Yup! And they're not implemented by default for all new structs because, well, if you don't need them that's just extra code in your binary you're not using - ie. bloat.

With those changes, the tests compile, but fail:

Shell session
$ cargo t
    Finished test [unoptimized + debuginfo] target(s) in 0.01s
     Running target/debug/deps/day2-b64ad06ec1d18663

running 2 tests
test tests::test_is_valid ... ok
test tests::test_parse ... FAILED

failures:

---- tests::test_parse stdout ----
thread 'tests::test_parse' panicked at 'not yet implemented', src/main.rs:23:5
note: run with `RUST_BACKTRACE=1` environment variable to display a backtrace


failures:
    tests::test_parse

test result: FAILED. 1 passed; 1 failed; 0 ignored; 0 measured; 0 filtered out

error: test failed, to rerun pass '--bin day2'
Cool bear's hot tip

cargo t is short for cargo test, just like cargo b is short for cargo build, cargo c is short for cargo check, and cargo r is short for cargo run.

So all we have to do is to actually implement parse_line.

Well that's easy! split, parse, and boom, we're done.

Sure, why not:

Shell session
$ cargo add thiserror
      Adding thiserror v1.0.22 to dependencies
Rust code
#[derive(thiserror::Error, Debug)]
enum ParseError {
    #[error("expected {0}")]
    Expected(&'static str),
}

fn parse_line(s: &str) -> anyhow::Result<(PasswordPolicy, &str)> {
    let (policy, password) = {
        let mut tokens = s.split(':');
        (
            tokens
                .next()
                .ok_or(ParseError::Expected("password policy"))?,
            tokens
                .next()
                .ok_or(ParseError::Expected("password"))?
                .trim(),
        )
    };

    let (range, byte) = {
        let mut tokens = policy.split(' ');
        (
            tokens.next().ok_or(ParseError::Expected("policy range"))?,
            tokens.next().ok_or(ParseError::Expected("policy byte"))?,
        )
    };

    let byte = if byte.as_bytes().len() == 1 {
        byte.as_bytes()[0]
    } else {
        return Err(ParseError::Expected("password policy byte to be exactly 1 byte").into());
    };

    let (min, max) = {
        let mut tokens = range.split('-');
        (
            tokens
                .next()
                .ok_or(ParseError::Expected("policy range (lower bound)"))?,
            tokens
                .next()
                .ok_or(ParseError::Expected("policy range (upper bound)"))?,
        )
    };

    let range = (min.parse()?)..=(max.parse()?);

    Ok((PasswordPolicy { range, byte }, password))
}

Whew that's... more code than I expected.

Haha. It works though!

Shell session
$ cargo t
   Compiling day2 v0.1.0 (/home/amos/ftl/aoc2020/day2)
    Finished test [unoptimized + debuginfo] target(s) in 0.40s
     Running target/debug/deps/day2-67204c5ae8320973

running 2 tests
test tests::test_is_valid ... ok
test tests::test_parse ... ok

test result: ok. 2 passed; 0 failed; 0 ignored; 0 measured; 0 filtered out

Right.. but do we really need all that error handling?

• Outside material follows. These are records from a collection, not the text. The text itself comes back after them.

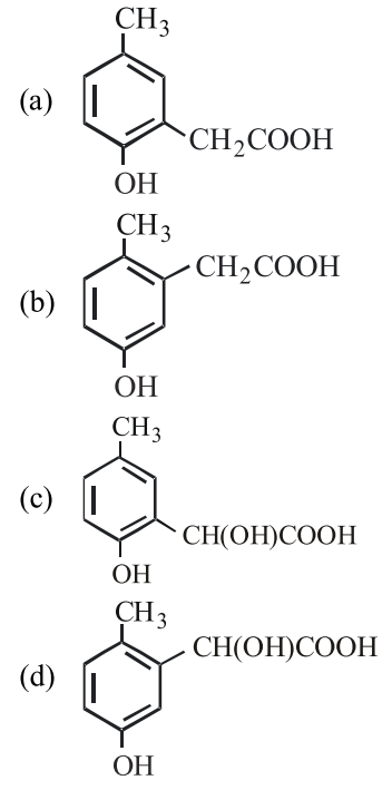 \( p \)-cresol reacts with chloroform in alkaline medium to give the compound A which adds hydrogen cyanide to form the compound B. The latter on acidic hydrolysis gives chiral carboxylic acid. The structure of the carboxylic acid is:
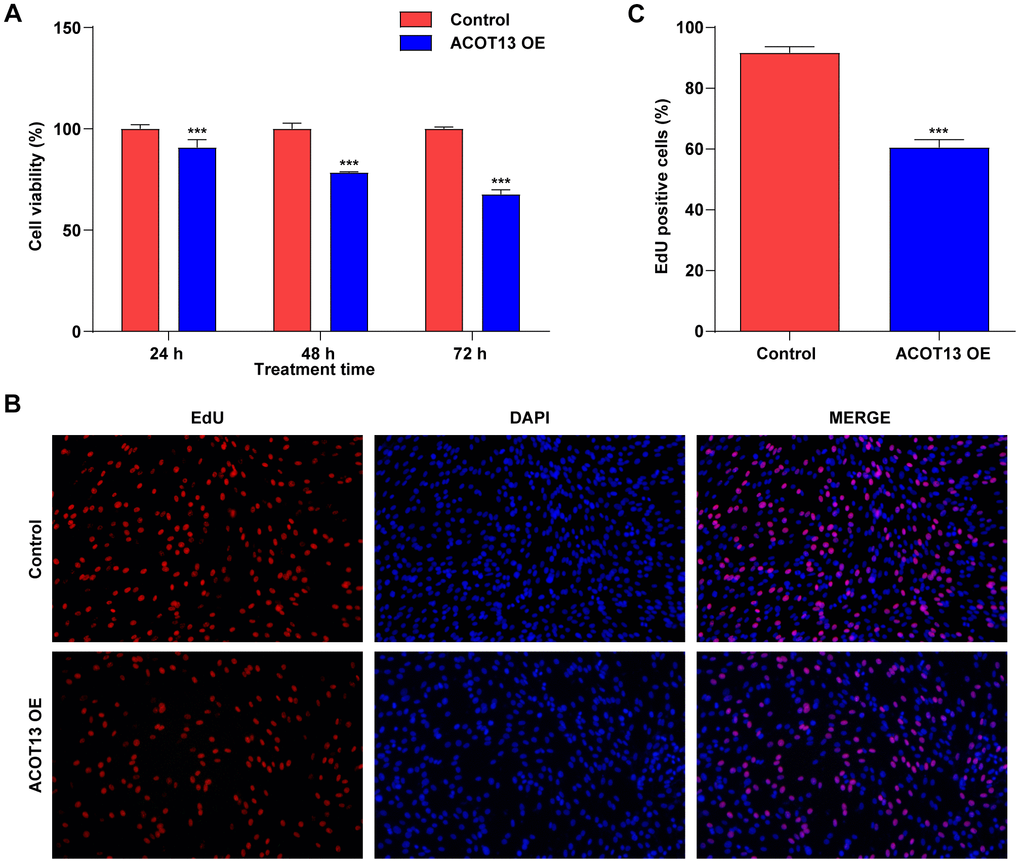 Next, the functional roles of ACOT13 in WT9-12 cells were then investigated by CCK-8 and EdU staining assays. ACOT13 overexpression induced about 9% growth inhibition in WT9-12 cells at 24 h, induced about 22% growth inhibition in WT9-12 cells at 48 h and induced about 32% growth inhibition in WT9-12 cells at 72 h (Figure 4A), suggesting that ACOT13 overexpression could decline WT9-12 cell viability. Additionally, ACOT13 overexpression obviously decreased the percentage of EdU positive cells (~61%) compared with control group (~92%), indicating that ACOT13 overexpression could suppress WT9-12 cell proliferation (Figure 4B, 4C). Collectively, ACOT13 overexpression was able to suppress WT9-12 cell viability and proliferation.
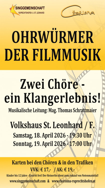 Gleich zwei Chöre bringen am 18. und 19. April 2026 das Volkshaus St. Leonhard am Forst zum Klingen: Unter dem Titel „Ohrwürmer der Filmmusik“ präsentieren die Singgemeinschaft Ruprechtshofen & St. Leonhard und Chorisma bekannte Melodien aus Film und Fernsehen.
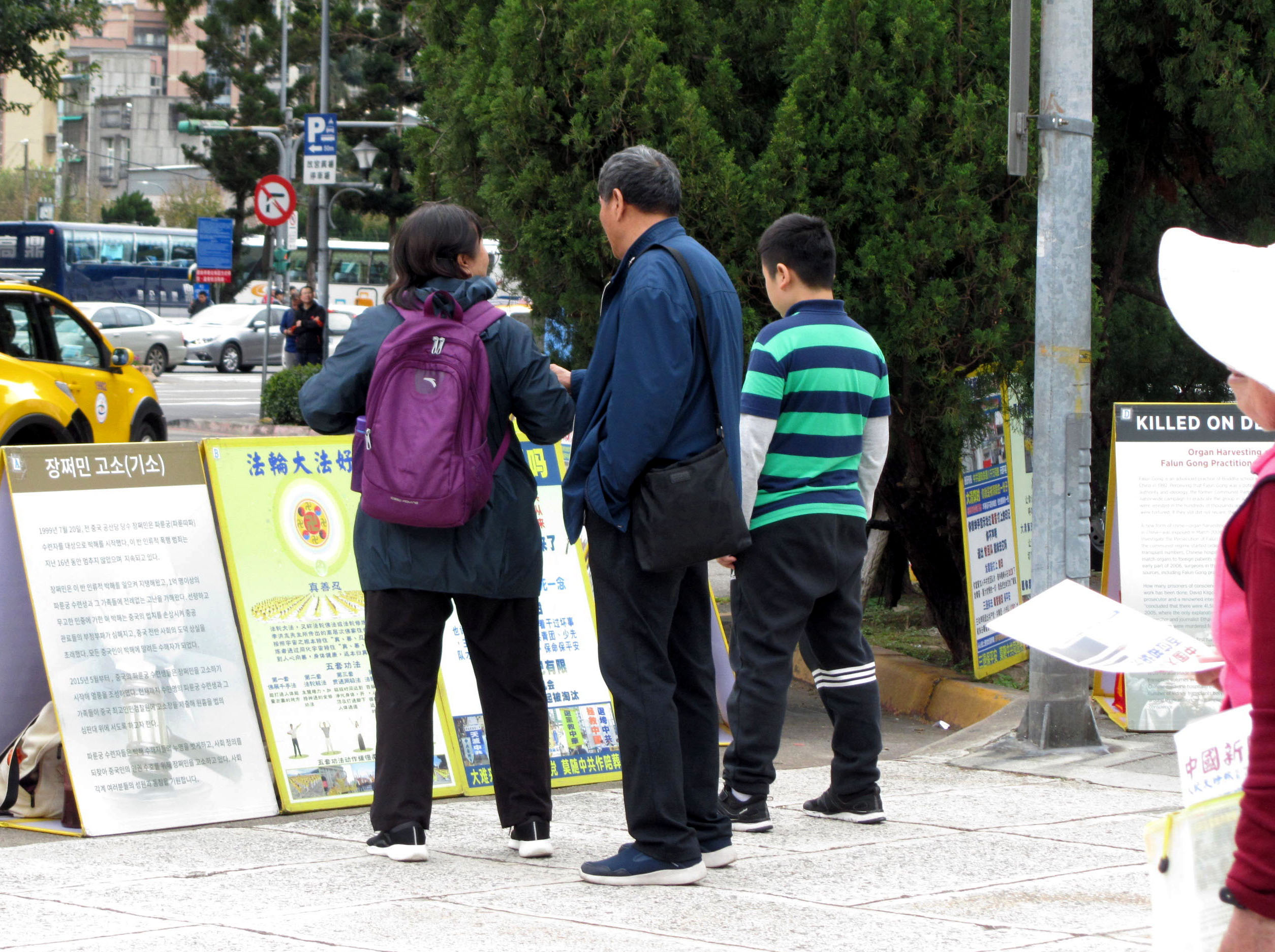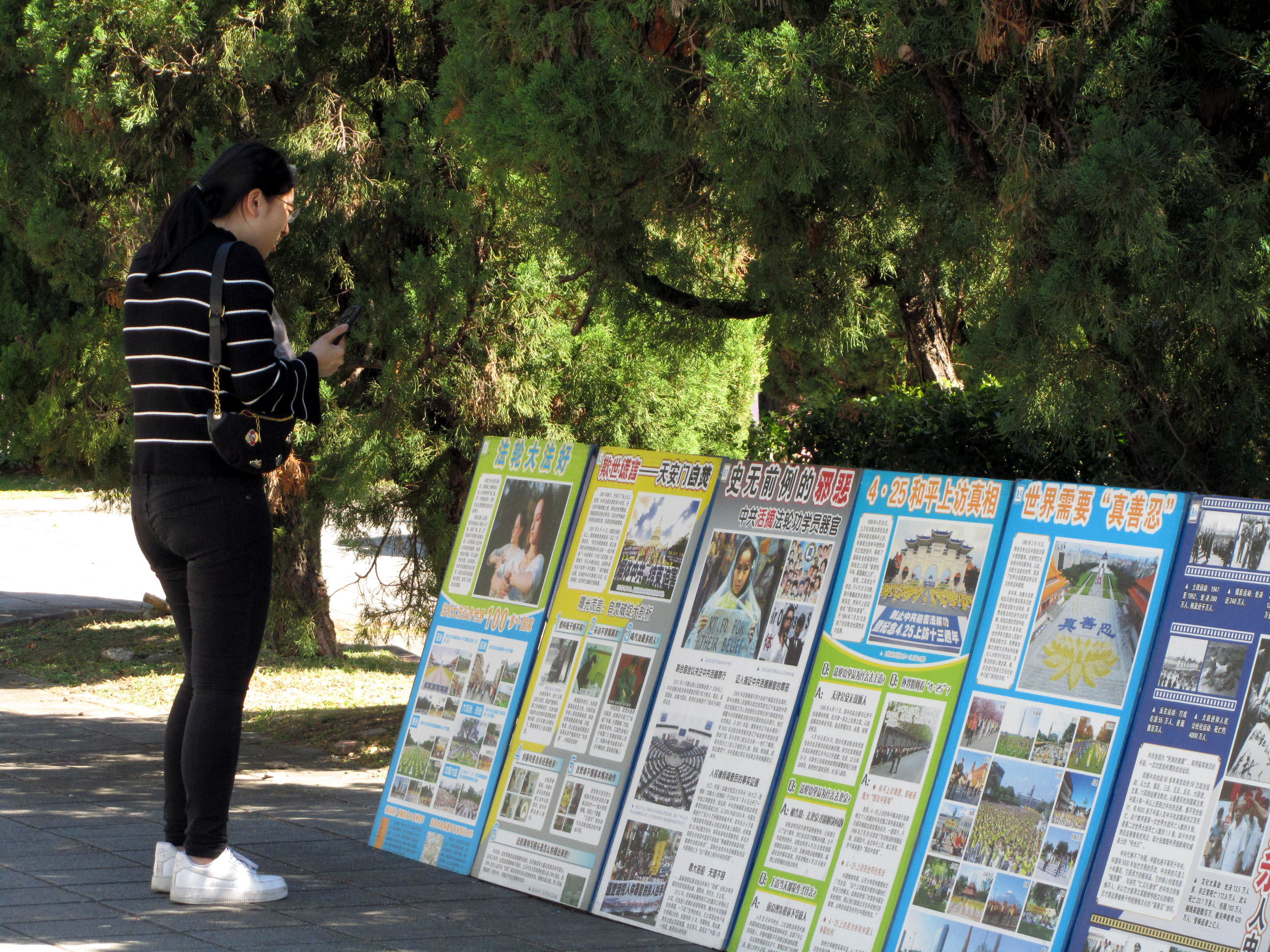 故宫院区前面,宽广空地的左右两侧,分别植栽翠绿的树木围篱,区隔大小车辆接送旅客时临停,以及旅客步行或停留区域的界线。挨着青翠的树篱笆,排列着法轮功的真相展板,印证法轮大法弘传世界、在各地受到欢迎和褒扬的盛况;揭露中共残酷迫害、活摘器官等恶行;以及全球声援中国民众控告罪魁祸首并要求法办迫害元凶的真相。在展现法轮大法的美好的同时,也揭露中共无理迫害的邪恶本质,天灭中共、恶人遭报的必然。

I don't know, I kinda like it! We can even write tests for it.

Rust code
// in `mod tests`

    #[test]
    fn test_parse() {
        assert_eq!(
            parse_line("1-3 a: banana").unwrap(),
            (
                PasswordPolicy {
                    range: 1..=3,
                    byte: b'a',
                },
                "banana"
            )
        );

        assert_eq!(
            parse_line("1-3 a").unwrap_err().to_string(),
            "expected password"
        );
        assert_eq!(
            parse_line("1-3 : banana").unwrap_err().to_string(),
            "expected password policy byte to be exactly 1 byte"
        );

        // feel free to add more tests!
    }

I guess so!

Bear's hesitation is understandable. I wouldn't want to write parsers like that all year round.

And that's why, usually, I reach for the nom crate.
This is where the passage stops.